### PROBLEM DESCRIPTION
Please set down the lines of the listing exactly, from its first line to the line with "Сочетание блюд иногда", leaving the pictures out.

### STORED DATA
== Segment start ==

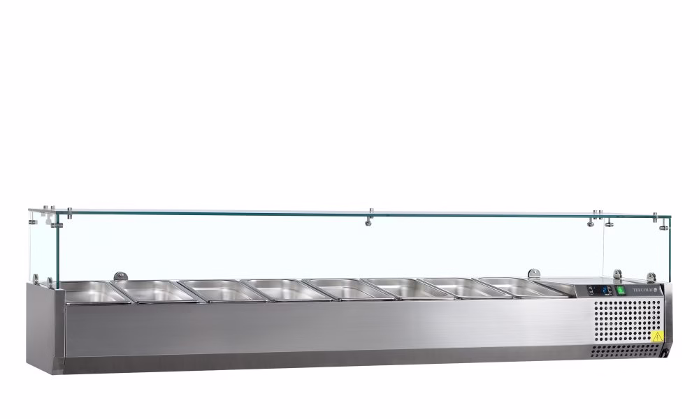 Serija VK hladilnih vitrin je odličen dodatek za gastro pulte, saj boste imeli vse, kar potrebujete za pripravo hrane, na dosegu roke. Sprejme posode GN1/3, GN1/6 in GN1/2 (niso priložene). Zamrzovalnik je izdelan iz nerjavečega jekla SS304 s stekleno zaščito za hrano. Je kot nalašč za picerije, restavracije s hitro prehrano in trgovine s sendviči.
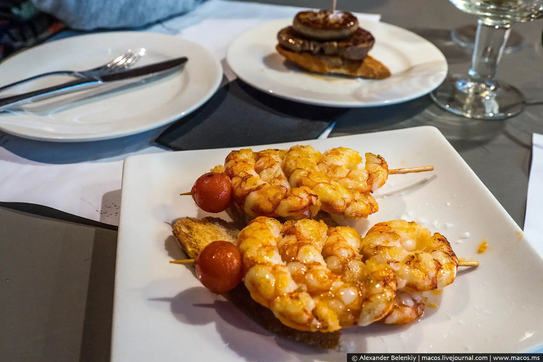 Сочетание блюд иногда бывает странным. Креветка, осьминог и внезапно буженина внизу "бутерброда".
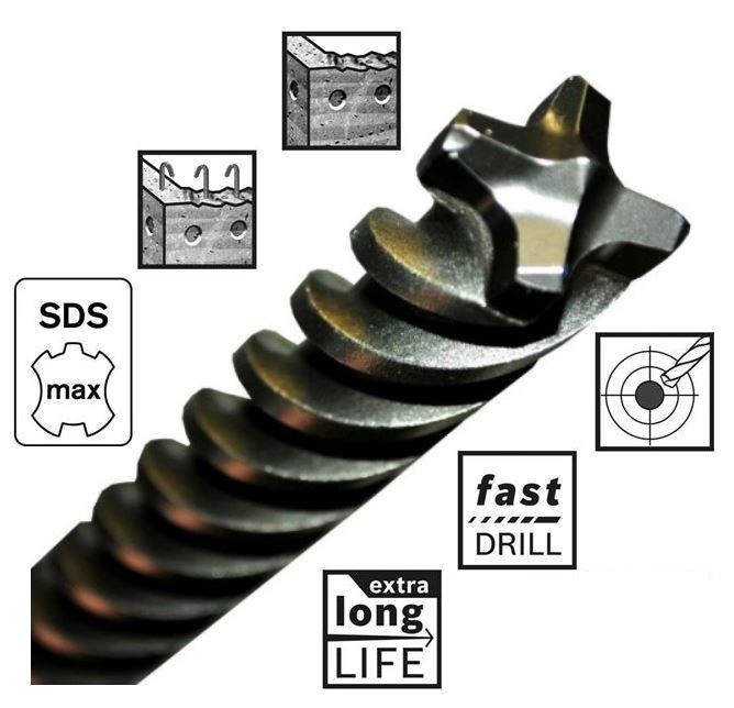 Wiertło udarowe SDS max-8X używane nawet w najbardziej wymagających zastosowaniach ma o 50% większą trwałość.

== Segment end ==

### REPLY
 Serija VK hladilnih vitrin je odličen dodatek za gastro pulte, saj boste imeli vse, kar potrebujete za pripravo hrane, na dosegu roke. Sprejme posode GN1/3, GN1/6 in GN1/2 (niso priložene). Zamrzovalnik je izdelan iz nerjavečega jekla SS304 s stekleno zaščito za hrano. Je kot nalašč za picerije, restavracije s hitro prehrano in trgovine s sendviči.
 Сочетание блюд иногда бывает странным. Креветка, осьминог и внезапно буженина внизу "бутерброда".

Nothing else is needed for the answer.